(Records from a collection)
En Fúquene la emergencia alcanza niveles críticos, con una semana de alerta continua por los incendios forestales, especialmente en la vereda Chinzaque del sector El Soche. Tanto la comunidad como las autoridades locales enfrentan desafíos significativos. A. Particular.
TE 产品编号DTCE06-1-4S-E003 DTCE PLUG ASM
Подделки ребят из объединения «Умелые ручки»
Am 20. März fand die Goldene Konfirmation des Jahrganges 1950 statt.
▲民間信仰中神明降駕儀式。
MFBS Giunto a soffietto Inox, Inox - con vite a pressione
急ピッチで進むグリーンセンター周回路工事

--

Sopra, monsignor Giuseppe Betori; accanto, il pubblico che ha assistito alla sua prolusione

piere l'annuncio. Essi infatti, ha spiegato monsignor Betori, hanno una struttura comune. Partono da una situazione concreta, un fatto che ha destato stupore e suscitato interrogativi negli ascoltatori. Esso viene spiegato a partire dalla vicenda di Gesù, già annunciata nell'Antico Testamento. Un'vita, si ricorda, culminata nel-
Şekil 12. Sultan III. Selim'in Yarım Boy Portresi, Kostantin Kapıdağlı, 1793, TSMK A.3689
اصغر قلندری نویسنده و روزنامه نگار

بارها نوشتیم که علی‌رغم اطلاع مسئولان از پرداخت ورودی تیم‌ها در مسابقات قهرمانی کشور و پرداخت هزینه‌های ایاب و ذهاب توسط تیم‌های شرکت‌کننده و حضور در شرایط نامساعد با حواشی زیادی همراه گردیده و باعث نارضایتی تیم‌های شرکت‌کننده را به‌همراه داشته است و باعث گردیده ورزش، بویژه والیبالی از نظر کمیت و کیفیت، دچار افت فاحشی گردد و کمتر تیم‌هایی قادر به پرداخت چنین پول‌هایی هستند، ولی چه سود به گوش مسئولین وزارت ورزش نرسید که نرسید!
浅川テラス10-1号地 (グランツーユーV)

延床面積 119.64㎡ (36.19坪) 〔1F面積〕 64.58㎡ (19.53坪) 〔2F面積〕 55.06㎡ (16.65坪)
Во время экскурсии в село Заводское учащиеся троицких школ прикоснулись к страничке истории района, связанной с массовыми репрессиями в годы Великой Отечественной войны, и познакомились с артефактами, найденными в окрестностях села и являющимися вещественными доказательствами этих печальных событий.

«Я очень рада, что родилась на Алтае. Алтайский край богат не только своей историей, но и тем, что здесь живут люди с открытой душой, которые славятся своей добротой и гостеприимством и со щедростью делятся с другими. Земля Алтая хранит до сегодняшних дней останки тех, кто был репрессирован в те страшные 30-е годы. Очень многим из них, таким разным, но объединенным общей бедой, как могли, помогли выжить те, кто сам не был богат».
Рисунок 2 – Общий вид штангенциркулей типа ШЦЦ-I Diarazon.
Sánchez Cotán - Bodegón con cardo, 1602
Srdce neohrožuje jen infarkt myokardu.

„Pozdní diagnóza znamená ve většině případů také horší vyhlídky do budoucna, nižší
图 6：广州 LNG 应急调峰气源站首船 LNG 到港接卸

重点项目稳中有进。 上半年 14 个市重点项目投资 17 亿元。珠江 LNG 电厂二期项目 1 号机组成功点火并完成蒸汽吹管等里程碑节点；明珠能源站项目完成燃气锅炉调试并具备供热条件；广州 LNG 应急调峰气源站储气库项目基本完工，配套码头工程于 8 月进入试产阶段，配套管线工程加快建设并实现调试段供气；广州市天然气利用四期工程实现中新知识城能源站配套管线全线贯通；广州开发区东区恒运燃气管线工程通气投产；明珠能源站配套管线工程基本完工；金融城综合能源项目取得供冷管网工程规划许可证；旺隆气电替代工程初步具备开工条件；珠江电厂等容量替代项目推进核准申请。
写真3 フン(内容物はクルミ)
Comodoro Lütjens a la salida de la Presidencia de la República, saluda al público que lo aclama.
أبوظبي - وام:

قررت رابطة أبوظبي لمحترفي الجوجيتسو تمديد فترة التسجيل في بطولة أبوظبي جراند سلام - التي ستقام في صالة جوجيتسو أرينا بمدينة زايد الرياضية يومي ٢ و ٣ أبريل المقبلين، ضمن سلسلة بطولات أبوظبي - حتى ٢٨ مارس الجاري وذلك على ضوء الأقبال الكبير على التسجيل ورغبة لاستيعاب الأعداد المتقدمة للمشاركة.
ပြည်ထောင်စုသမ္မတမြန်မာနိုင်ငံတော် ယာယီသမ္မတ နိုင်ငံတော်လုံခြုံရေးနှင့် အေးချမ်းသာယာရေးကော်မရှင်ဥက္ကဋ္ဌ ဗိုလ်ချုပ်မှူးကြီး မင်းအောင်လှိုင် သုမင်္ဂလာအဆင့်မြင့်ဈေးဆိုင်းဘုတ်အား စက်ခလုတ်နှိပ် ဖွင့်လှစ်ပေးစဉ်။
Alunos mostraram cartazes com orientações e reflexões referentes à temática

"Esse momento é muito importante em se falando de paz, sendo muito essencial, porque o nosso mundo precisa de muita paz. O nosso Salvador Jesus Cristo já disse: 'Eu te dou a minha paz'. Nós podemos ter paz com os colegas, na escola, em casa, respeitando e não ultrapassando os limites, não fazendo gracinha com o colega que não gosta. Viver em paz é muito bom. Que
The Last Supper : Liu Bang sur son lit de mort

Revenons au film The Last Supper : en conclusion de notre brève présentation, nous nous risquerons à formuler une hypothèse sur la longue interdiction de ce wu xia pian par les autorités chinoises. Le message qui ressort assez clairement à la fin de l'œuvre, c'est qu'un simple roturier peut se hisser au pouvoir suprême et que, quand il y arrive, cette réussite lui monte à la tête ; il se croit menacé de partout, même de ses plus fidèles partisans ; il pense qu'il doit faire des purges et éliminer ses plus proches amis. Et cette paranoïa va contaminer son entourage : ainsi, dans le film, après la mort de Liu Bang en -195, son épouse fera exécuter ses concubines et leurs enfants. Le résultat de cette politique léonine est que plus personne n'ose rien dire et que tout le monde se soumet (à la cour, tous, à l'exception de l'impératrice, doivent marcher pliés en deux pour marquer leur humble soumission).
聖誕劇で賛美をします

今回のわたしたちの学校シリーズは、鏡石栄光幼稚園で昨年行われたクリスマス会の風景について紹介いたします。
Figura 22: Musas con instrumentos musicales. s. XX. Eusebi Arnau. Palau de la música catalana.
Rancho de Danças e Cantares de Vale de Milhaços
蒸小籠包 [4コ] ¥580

...

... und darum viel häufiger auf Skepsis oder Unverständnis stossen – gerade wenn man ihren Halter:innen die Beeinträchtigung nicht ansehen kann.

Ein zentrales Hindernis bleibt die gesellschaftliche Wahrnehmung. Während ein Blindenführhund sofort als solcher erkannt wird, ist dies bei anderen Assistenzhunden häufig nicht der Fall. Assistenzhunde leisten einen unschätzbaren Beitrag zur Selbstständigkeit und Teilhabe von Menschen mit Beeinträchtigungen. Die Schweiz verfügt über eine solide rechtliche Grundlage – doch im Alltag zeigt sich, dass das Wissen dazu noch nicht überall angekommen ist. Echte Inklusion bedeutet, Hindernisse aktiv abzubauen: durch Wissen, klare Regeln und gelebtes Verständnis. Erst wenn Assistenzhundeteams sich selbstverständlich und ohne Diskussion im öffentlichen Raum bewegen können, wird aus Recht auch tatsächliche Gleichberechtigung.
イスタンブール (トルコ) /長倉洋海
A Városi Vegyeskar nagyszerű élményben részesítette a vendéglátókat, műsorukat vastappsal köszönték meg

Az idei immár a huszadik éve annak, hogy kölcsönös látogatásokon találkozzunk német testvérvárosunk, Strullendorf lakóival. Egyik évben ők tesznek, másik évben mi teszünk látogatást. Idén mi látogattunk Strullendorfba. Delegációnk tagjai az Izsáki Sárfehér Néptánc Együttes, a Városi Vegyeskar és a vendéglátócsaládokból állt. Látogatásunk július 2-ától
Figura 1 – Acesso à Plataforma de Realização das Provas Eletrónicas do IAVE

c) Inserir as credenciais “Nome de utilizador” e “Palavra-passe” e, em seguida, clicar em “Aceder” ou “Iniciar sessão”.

◆ **PROBLEM DESCRIPTION**:
Could you set down, exactly as written, the lines above between the one holding "Во время экскурсии" and the one holding "图 6：广州 LNG 应急调峰气源站首船 LNG 到港接卸", inclusive, and nothing more?

◆ **EXERCISE SOLUTION**:
Во время экскурсии в село Заводское учащиеся троицких школ прикоснулись к страничке истории района, связанной с массовыми репрессиями в годы Великой Отечественной войны, и познакомились с артефактами, найденными в окрестностях села и являющимися вещественными доказательствами этих печальных событий.

«Я очень рада, что родилась на Алтае. Алтайский край богат не только своей историей, но и тем, что здесь живут люди с открытой душой, которые славятся своей добротой и гостеприимством и со щедростью делятся с другими. Земля Алтая хранит до сегодняшних дней останки тех, кто был репрессирован в те страшные 30-е годы. Очень многим из них, таким разным, но объединенным общей бедой, как могли, помогли выжить те, кто сам не был богат».
Рисунок 2 – Общий вид штангенциркулей типа ШЦЦ-I Diarazon.
Sánchez Cotán - Bodegón con cardo, 1602
Srdce neohrožuje jen infarkt myokardu.

„Pozdní diagnóza znamená ve většině případů také horší vyhlídky do budoucna, nižší
图 6：广州 LNG 应急调峰气源站首船 LNG 到港接卸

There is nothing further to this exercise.